M1 Pro and M1 Max discussion here:

Page 78 - Discussion - Apple Silicon SoC thread

Page 78 - Seeking answers? Join the AnandTech community: where nearly half-a-million members share solutions and discuss the latest tech.

forums.anandtech.com

M1 Ultra discussion here:

Page 109 - Discussion - Apple Silicon SoC thread

Page 109 - Seeking answers? Join the AnandTech community: where nearly half-a-million members share solutions and discuss the latest tech.

forums.anandtech.com

M2 discussion here:

Page 127 - Discussion - Apple Silicon SoC thread

Page 127 - Seeking answers? Join the AnandTech community: where nearly half-a-million members share solutions and discuss the latest tech.

forums.anandtech.com

Second Generation 5 nm
Unified memory architecture - LPDDR5, up to 24 GB and 100 GB/s
20 billion transistors

8-core CPU

4 high-performance cores
192 KB instruction cache
128 KB data cache
Shared 16 MB L2 cache

4 high-efficiency cores
128 KB instruction cache
64 KB data cache
Shared 4 MB L2 cache

10-core iGPU (but there is an 8-core variant)
3.6 Teraflops

16-core neural engine
Secure Enclave
USB 4

Hardware acceleration for 8K h.264, h.264, ProRes

M3 Family discussion here:

Page 215 - Discussion - Apple Silicon SoC thread

Page 215 - Seeking answers? Join the AnandTech community: where nearly half-a-million members share solutions and discuss the latest tech.

forums.anandtech.com

M4 Family discussion here:

Page 263 - Discussion - Apple Silicon SoC thread

Page 263 - Seeking answers? Join the AnandTech community: where nearly half-a-million members share solutions and discuss the latest tech.

forums.anandtech.com

M5 Family discussion here:

Page 431 - Discussion - Apple Silicon SoC thread

Page 431 - Seeking answers? Join the AnandTech community: where nearly half-a-million members share solutions and discuss the latest tech.

forums.anandtech.com

poke01 · Mar 26, 2024

okoroezenwa said:
Aren’t the A17 cores a new architecture?

Nope based on A16. https://github.com/AsahiLinux/docs/wiki/Codenames

M4 needs to be based on H17G for it be a new arch

FlameTail · Mar 26, 2024

But A17 Pro P-core upgraded to a 9-wide!

How is it the same core?

Also A16 and A17 cores have same codenames? Bizarre

poke01 · Mar 26, 2024

FlameTail said:
But A17 Pro P-core upgraded to a 9-wide!

How is it the same core?

Also A16 and A17 cores have same codenames? Bizarre

This was from Tech Reve. Essentially A17 Pro was code named H15 Coll.

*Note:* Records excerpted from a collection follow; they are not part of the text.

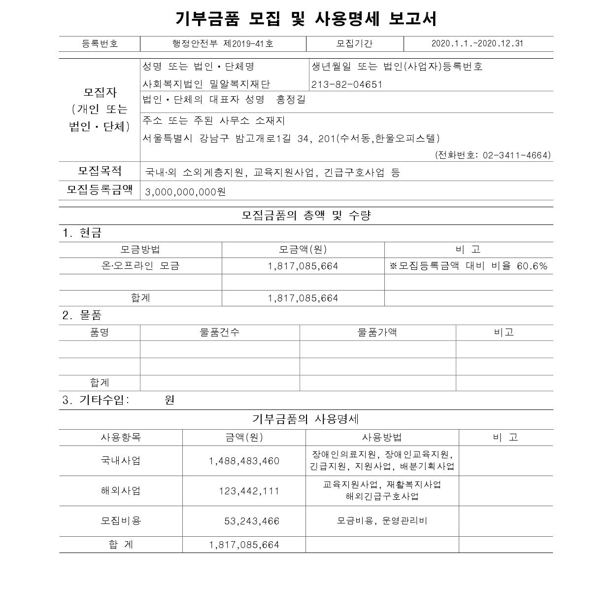 기부금품 모집 및 사용명세 보고(2020년도 귀속)
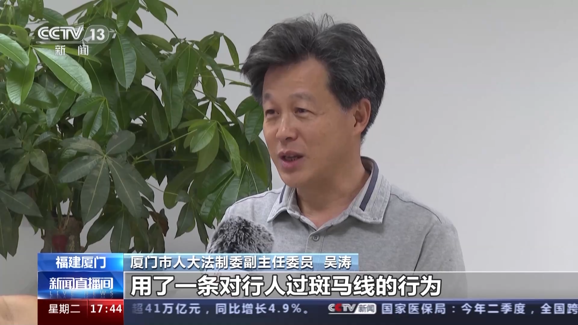 厦门市人大法制委副主任委员 吴涛:这次我们把有限的法规条款,用了一条对行人过斑马线的行为做了具体的描述,其实就是想通过对不文明行为的法治化改造,进一步营造机动车驾驶方跟行人方双方互动理解、共同推动文明进步的一种良好的社会氛围,也是培养一种道路交通通行的文明跟依法的行为模式。
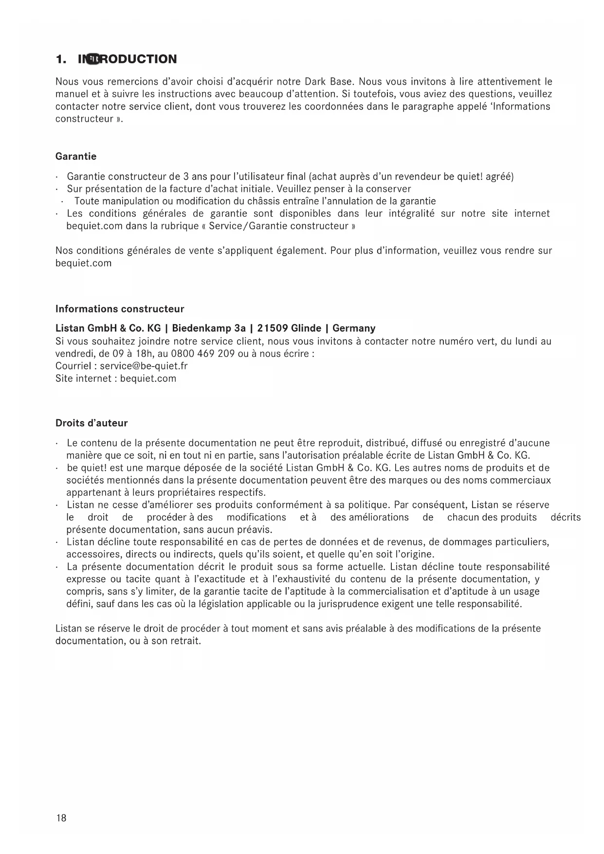 Nous vous remercions d’avoir choisi d’acquérir notre Dark Base. Nous vous invitons à lire attentivement le manuel et à suivre les instructions avec beaucoup d’attention. Si toutefois, vous aviez des questions, veuillez contacter notre service client, dont vous trouverez les coordonnées dans le paragraphe appelé ‘Informations constructeur ». Garantie ∙ Garantieconstructeurde3anspourl’utilisateurnal(achatauprèsd’unrevendeurbequiet!agréé) ∙ Sur présentation de la facture d’achat initiale. Veuillez penser à la conserver ∙ Toutemanipulationoumodicationduchâssisentraînel’annulationdelagarantie ∙ Les conditions générales de garantie sont disponibles dans leur intégralité sur notre site internet bequiet.com dans la rubrique « Service/Garantie constructeur » Nos conditions générales de vente s’appliquent également. Pour plus d’information, veuillez vous rendre sur bequiet.com Informations constructeur Listan GmbH & Co. KG | Biedenkamp 3a | 21509 Glinde | Germany Si vous souhaitez joindre notre service client, nous vous invitons à contacter notre numéro vert, du lundi au vendredi, de 09 à 18h, au 0800 469 209 ou à nous écrire : Courriel : service@be-quiet.fr Site internet : bequiet.com Droits d’auteur ∙ Lecontenudelaprésentedocumentationnepeutêtrereproduit,distribué,diuséouenregistréd’aucune manièrequecesoit,nientoutnienpartie,sansl’autorisationpréalableécritedeListanGmbH&Co.KG. ∙ be quiet! est une marque déposée de la société Listan GmbH & Co. KG. Les autres noms de produits et de sociétés mentionnés dans la présente documentation peuvent être des marques ou des noms commerciaux appartenant à leurs propriétaires respectifs. ∙ Listan ne cesse d’améliorer ses produits conformément à sa politique. Par conséquent, Listan se réserve le droit de procéderàdes modications età desaméliorations de chacundesproduits décrits dansla présente documentation, sans aucun préavis. ∙ Listan décline toute responsabilité en cas de pertes de données et de revenus, de dommages particuliers, accessoires, directs ou indirects, quels qu’ils soient, et quelle qu’en soit l’origine. ∙ La présente documentation décrit le produit sous sa forme actuelle. Listan décline toute responsabilité expresse ou tacite quant à l’exactitude et à l’exhaustivité du contenu de la présente documentation, y compris, sans s’y limiter, de la garantie tacite de l’aptitude à la commercialisation et d’aptitude à un usage déni,saufdanslescasoùlalégislationapplicableoulajurisprudenceexigentunetelleresponsabilité. Listanseréserveledroitdeprocéderàtoutmomentetsansavispréalableàdesmodicationsdelaprésente documentation, ou à son retrait.18 19
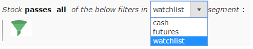 Click on the segment filter at the top of the screener page, and select “Watchlist” from the dropdown menu. The scan will then be run for the stocks in your Watchlist. You can create your new watchlist here
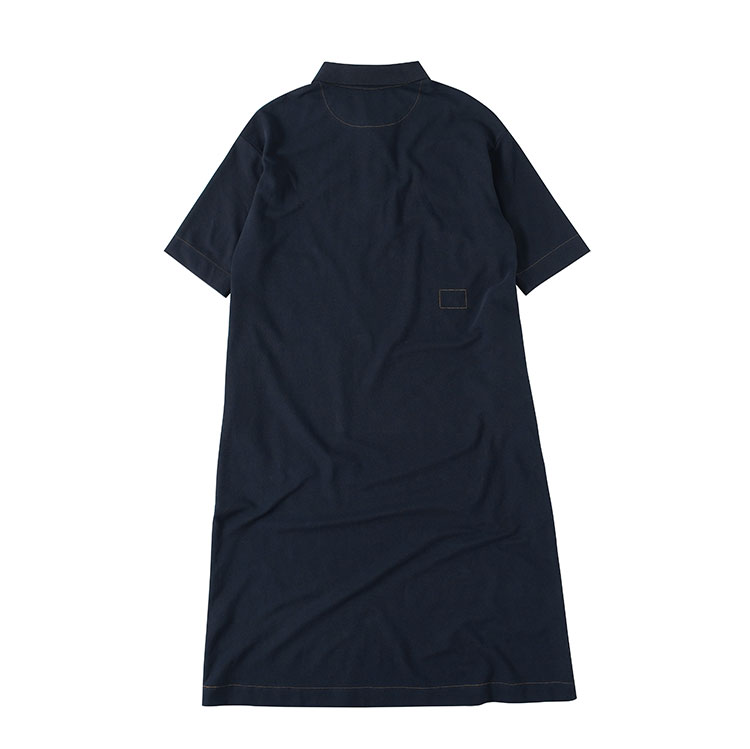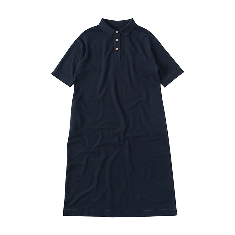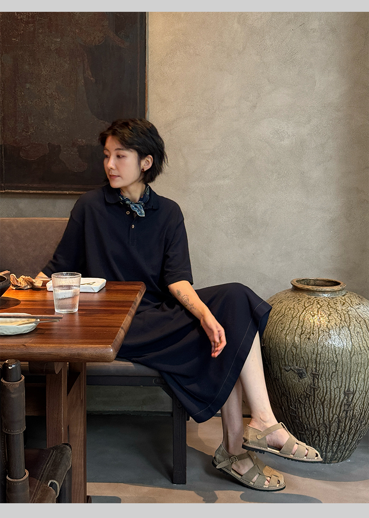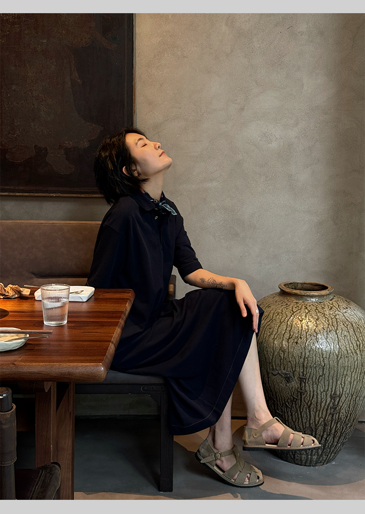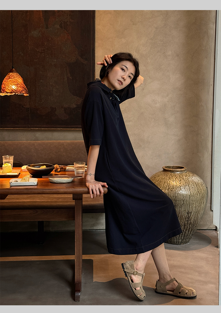 周浪清藏青色polo領a字短袖連衣裙夏女2025新款小個子中長款裙子
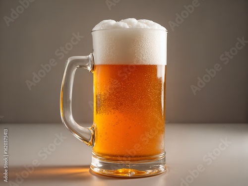 beer mug, draft beer, amber, frothy, detailed, photorealistic, closeup, inviting, still life, refreshing, studio shot, glassware
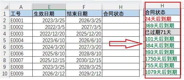 要求:根据合同到期日期,自动计算出还剩下多少天,并将结果显示在表格的H列。另外,要根据剩余天数的不同,进行差异化标记:
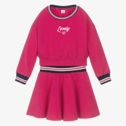 Girls grey and white skirt set by iDO, with a matching bag. The pleated skirt is made in soft, stretchy jersey with a comfortable elasticated waistband. The bag has a pretty faux pearl and diamanté embellishment, with a gold chain strap. The white blouse is lightweight and sheer, with a ruffle collar and elasticated cuffs. A diamanté logo and slogan add a touch of sparkle to the front and a jersey lining ensures comfort.
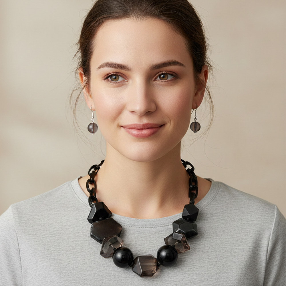 • Create bold impact with this geometric bead necklace and matching earring set designed for statement styling. Perfect for elevating everyday looks or completing evening outfits, it offers coordinated elegance and modern flair that makes a thoughtful gift or standout personal accessory.
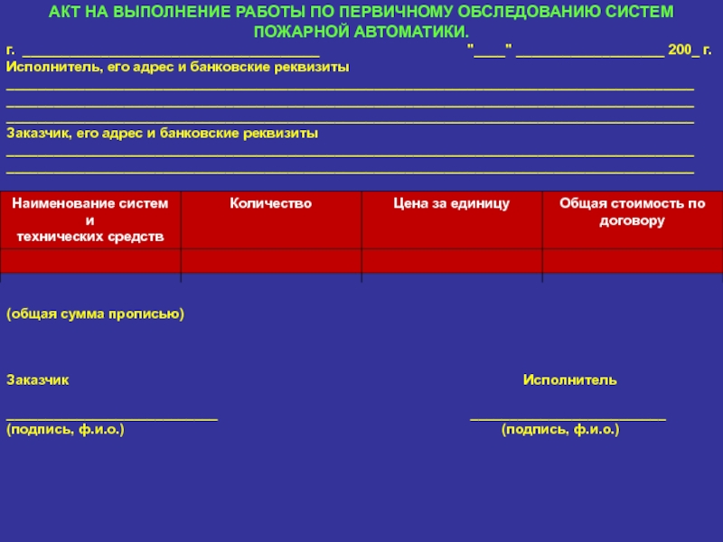 2.7 По результатам обследования составляется акт первичного обследования систем пожарной автоматики и Акт на выполнение работы при первичном обследовании (приложение 1, формы 0.1).
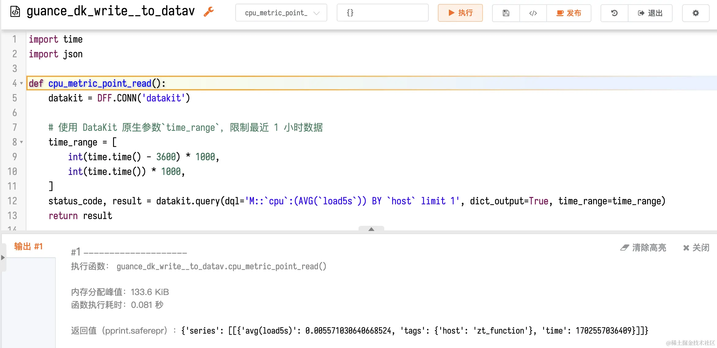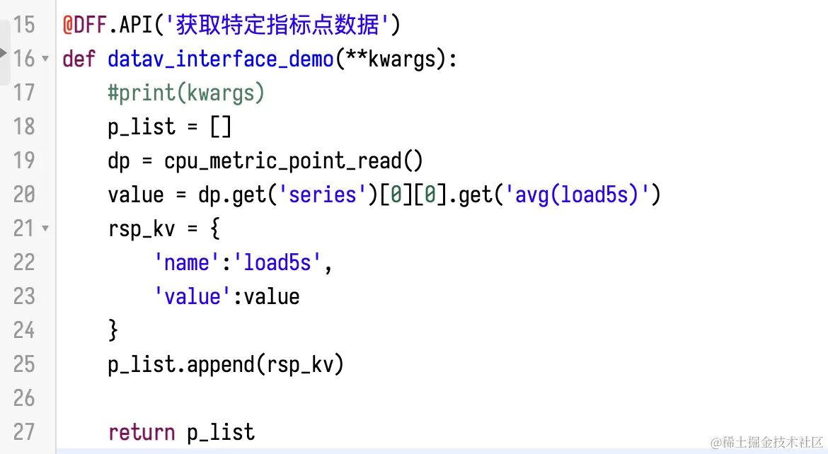 在暴露接口之前,还需要做两方面的准备。一个是我们接口对外提供的数据格式。这个信息需要根据大家所选用的可视化产品,按照产品要求的数据格式对外返回数据。另一个是接口对入参的处理,这个取决我们对接口功能的定义和设计。还是以上面CPU负载这个指标为例,假设考虑最简单的实现方式,调用方无需下发入参,仅以接口区分获取数据的类型。则对上述代码再次封装,处理好返回值格式后将这个接口函数通过装饰器声明给Function平台:
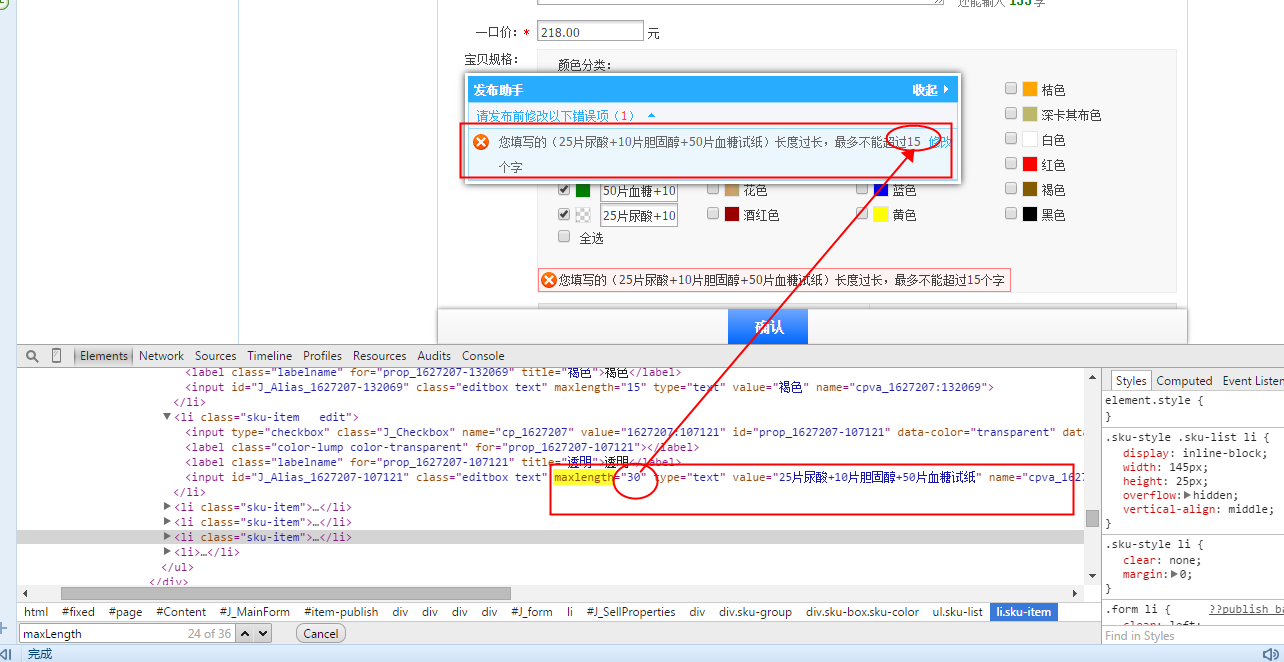 您改这个maxlength没用的,这个错,是淘宝后逝贸台报的。 现在淘宝后台宝贝管理采用schema API,会对宝贝属性进行系统级别的控制,无法简单地通过前台修改(实际上不可能突破,因为您总不可能控制淘宝后台) 建议想别的做法吧险斯,比如写成“套餐1”“套餐2”之类的,然后在宝贝描述顶部写上套餐包含内容。 =============== 顺便推荐一下《27A宝贝描述模板》,当然解扬唤逝决不了您的问题,因为27A只能做描述部分。目前有700皇冠300天猫在用,是最专业的宝贝描述工具,没有之一。
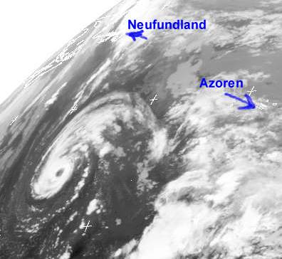 Mitten auf dem Atlantik, weit entfernt von jeder Küste, liegt der Hurrikan 'Epsilon' mit Windgeschwindigkeiten von 120 km/h und Böen bis 150 km/h. Er zieht langsam ostwärts und wird sich dabei abschwächen.
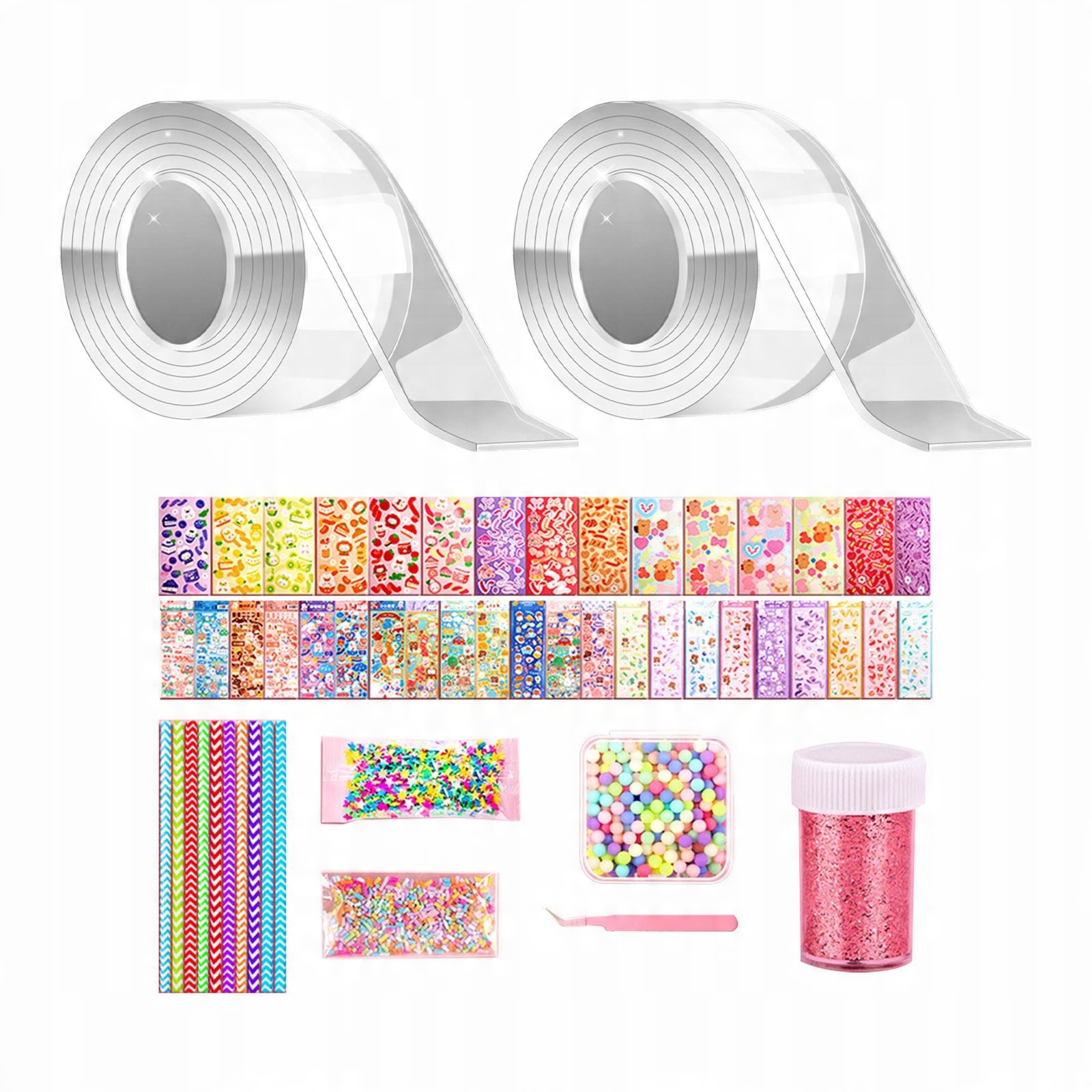 2 рулона скотча, 10 наклеек, 10 воздуходувок, 1 упаковка блесток, 1 упаковка пятиконечной звезды, 1 упаковка сахарных гранул, 1 упаковка бусинок, 1 пинцет

H15 is the code name for A16.

FlameTail · Mar 26, 2024

poke01 said:
This was from Tech Reve.

chrome_screenshot_26 Mar 2024 05_35_17 GMT+05_30.png

RIP.

reggie_fils_aime · Mar 26, 2024

Please, dear god, stop making the chip in the phones faster for no reason. It's already so hot, the battery can only hold so much electro-juices. What if I didn't have to charge the damn thing every day?

poke01 · Mar 26, 2024

reggie_fils_aime said:
Please, dear god, stop making the chip in the phones faster for no reason. It's already so hot, the battery can only hold so much electro-juices. What if I didn't have to charge the damn thing every day?

Hey, still cooler than Intel chips in laptops lol

SiliconFly · Mar 26, 2024

FlameTail · Mar 26, 2024

Canalys expects Apple M4 to drop in Q1 2025:

Doug S · Mar 27, 2024

Their guesses aren't worth any more than the guesses of the people here. They aren't leveraging any inside information. We will see M4 in Q4 this year right around the same time we saw M3.

Apokalupt0 · Mar 27, 2024

FlameTail said:
They need to make 16 wide core with a 1000+ ROB

Lmao

okoroezenwa said:
Aren’t the A17 cores a new architecture?

ya they are newish as in there are a few notable changes, but bulk of the architecture is still the same. I hope we see a new architecture from ground up with A18. Same as how AMD is doing with Zen 5.

soresu · Mar 27, 2024

Apokalupt0 said:
ya they are newish as in there are a few notable changes, but bulk of the architecture is still the same. I hope we see a new architecture from ground up with A18. Same as how AMD is doing with Zen 5.

They are already sporting a super wide core - I don't think it's going to gain them much by going significantly wider a la Zen 5 at this point.

Beyond a certain width you hit diminishing returns.

Going from 4 -> 6 doesn't net the same gain as 6 -> 8, let alone 8 -> 10 even though you are increasing by the same amount.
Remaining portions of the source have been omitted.